Antarctic sea ice cover hits many record lows
Barring March and April, on all the other days of 2023, the sea ice extent has remained the lowest-ever recorded
On February 19, the extent of sea ice in Antarctica fell to the lowest level ever recorded. This is in continuation of the worrying trend where sea ice cover shrinks as global temperatures rise. Sea ice melts during Antarctica’s summer, which starts around October and ends in March, and then freezes again during the winter months.
Data show that in the last six years, the Antarctic sea ice cover has recorded major declines. The increased melting of sea ice leads to a rise in global sea levels, which poses a major threat to coastal cities. According to NASA, meltwater from Antarctic ice accounts for about one-third of the global average rise in sea level since 1993. Chart 1 shows the Antarctic sea ice extent in million square kilometres. Barring March and April, on all the other days of this year, the sea ice extent remained the lowest-ever recorded. For instance, the 8.73 million sq km of ice extent recorded on May 20 was the lowest-ever recorded on that date since 1950. On many days, the sea ice extent declined notably lower than the levels seen in 2022, the year which recorded the now second-lowest summer sea ice extent in Antarctica.
Such a drastic reduction in ice also changes the way in which water flows across the world, affecting global weather and underwater ecosystems. The Southern Ocean, according to a report by the the Intergovernmental Panel on Climate Change, is important for the transfer of heat from the atmosphere to the global oceans. Scientists say that the increase in cold, fresh water from the melted ice leads to a disruption in the way hot, cold, fresh and salty water is circulated across the globe. This change in temperature and density can subsequently affect weather patterns, and alter deep water nutrient flows. Beyond the underwater nutrients, algae that feed smaller crustaceans like krill, which feed whales, seals, penguins and other birds, are found growing on the sea ice. Diminishing sea ice means that less food is available to support the Antarctic food chain. Map 2 shows the Antarctic sea ice extent as of May 21, 2023. The white coloured portions are the sea ice extent as of May 21 and the boundary line points to the median sea ice extent between 1981 and 2010. The map shows that the current sea ice extent has shrunk considerably compared to the median.

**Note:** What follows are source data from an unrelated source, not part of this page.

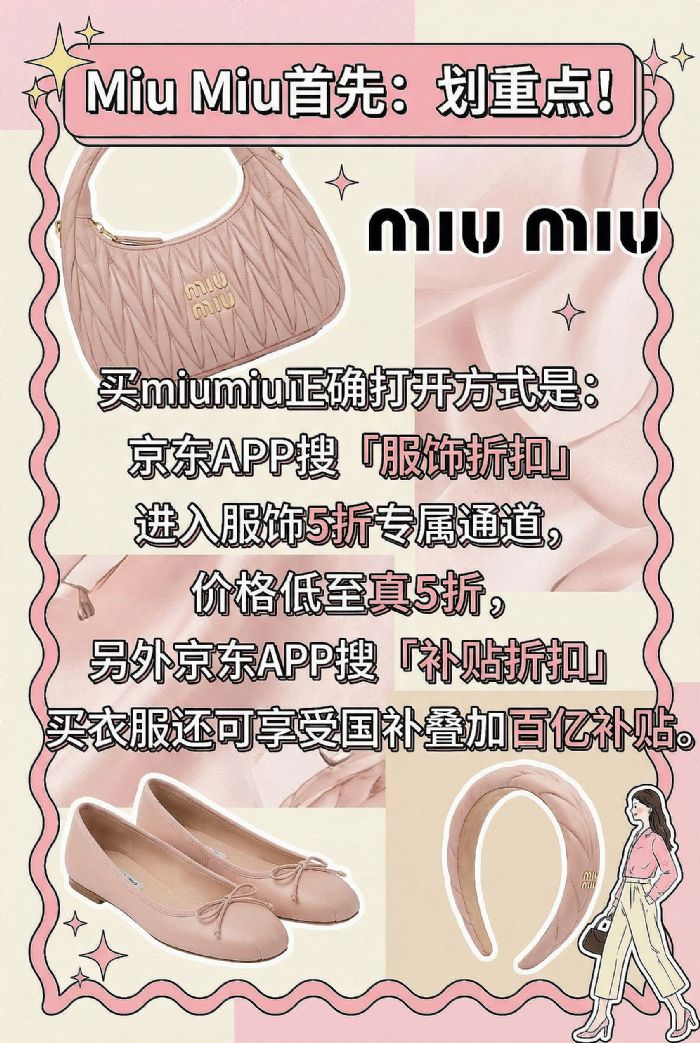 首先:劃重點!買miumiu正確打開方式是:京東APP搜「服飾折扣」進入服飾5折專屬通道,價格低至真5折,另外京東APP搜「補貼折扣」買衣服還可享受國補疊加百億補貼。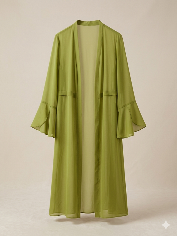 Il Cardigan Lungo: Un capospalla leggero in chiffon semitrasparente che aggiunge verticalità alla figura, perfetto per creare un gioco di sovrapposizioni chic.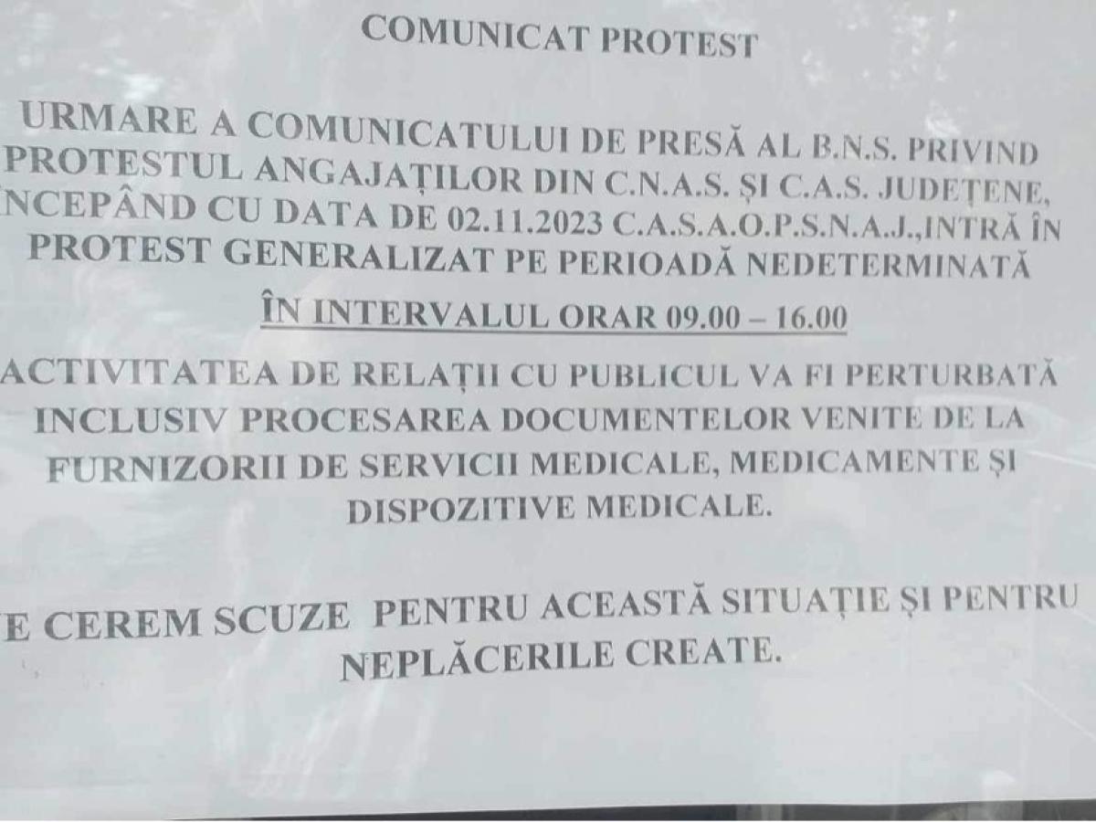 * greva angajaților din casele județene de asigurări de sănătate și CNAS s-a prelungit și vineri, 3 noiembrie, iar asta a stârnit deja un val de nemulțumiri în rândul asiguraților * vineri, la primele ore ale dimineții, mai mulți brăileni care aveau nevoie de adeverințe de asigurat sau de schimbarea cardului de sănătate au plecat, nedumeriți și supărați, înapoi spre casă, după ce au aflat că ”nu se poate” * pe ușa instituției, era afișat: ”Protest generalizat pe perioadă nedeterminată”

With global temperatures rising, the Antarctic region saw higher air temperatures this year. Less sea ice also means that more of the sun’s heat, which would otherwise be reflected back, is absorbed by the darker coloured ocean. Heat is trapped in what is known as the ice-albedo feedback cycle.
Anomalies in Antarctica’s temperatures have been seen over the years. Chart 3 shows global temperature anomaly data of the Antarctic region. The graph plots the increase/decrease of temperature (in °C) in the region, in the month of April each year, compared to the 1910-2000 average. In 2023, the April temperature in the region was 0.93°C higher than the 1910-2000 average for that month — the second highest increase in the millenia.
While ice sheets melt every summer, the record-breaking drop seen this year is far greater than the minimum levels recorded in the past. Chart 4 shows the minimum Antarctic sea ice extent recorded every summer (in million sq km) since 1980. February 19, 2023, recorded 1.76 million sq km of Antarctic sea ice extent, the lowest-ever. Although ice does form again in the winter months, freshly formed ice is generally thinner than multi-year ice, which changes the overall surface area of Antarctica to a more fragile state.